Top of DATA

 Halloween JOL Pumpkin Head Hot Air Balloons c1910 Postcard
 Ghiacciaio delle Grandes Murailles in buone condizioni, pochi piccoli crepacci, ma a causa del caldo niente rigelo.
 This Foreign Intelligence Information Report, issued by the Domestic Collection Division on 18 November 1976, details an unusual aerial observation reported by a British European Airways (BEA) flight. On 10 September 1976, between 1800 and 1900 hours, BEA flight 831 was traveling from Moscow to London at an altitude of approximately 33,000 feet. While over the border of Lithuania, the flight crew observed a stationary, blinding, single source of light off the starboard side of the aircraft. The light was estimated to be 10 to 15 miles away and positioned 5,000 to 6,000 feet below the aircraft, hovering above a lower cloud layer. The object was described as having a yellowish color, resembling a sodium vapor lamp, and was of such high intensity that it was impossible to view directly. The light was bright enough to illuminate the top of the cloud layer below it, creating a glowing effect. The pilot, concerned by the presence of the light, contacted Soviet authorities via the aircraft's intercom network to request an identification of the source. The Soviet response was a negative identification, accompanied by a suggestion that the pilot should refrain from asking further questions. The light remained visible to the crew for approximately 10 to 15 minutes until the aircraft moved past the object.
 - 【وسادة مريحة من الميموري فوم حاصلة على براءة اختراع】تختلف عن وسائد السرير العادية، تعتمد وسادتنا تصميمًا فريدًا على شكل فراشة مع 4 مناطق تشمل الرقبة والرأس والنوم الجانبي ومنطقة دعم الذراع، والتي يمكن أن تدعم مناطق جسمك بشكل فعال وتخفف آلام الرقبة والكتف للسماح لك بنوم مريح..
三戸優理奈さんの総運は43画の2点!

Bottom of DATA
Top of DATA

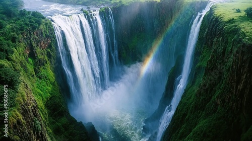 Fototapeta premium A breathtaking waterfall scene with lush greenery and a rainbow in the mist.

Bottom of DATA

**WHAT IS REQUIRED:**
Copy word for word the stretch of entries above from the line that has "Halloween JOL Pumpkin" through the line that has "Ghiacciaio delle Grandes", both ends included, and nothing outside it.

**WORKED SOLUTION:**
 Halloween JOL Pumpkin Head Hot Air Balloons c1910 Postcard
 Ghiacciaio delle Grandes Murailles in buone condizioni, pochi piccoli crepacci, ma a causa del caldo niente rigelo.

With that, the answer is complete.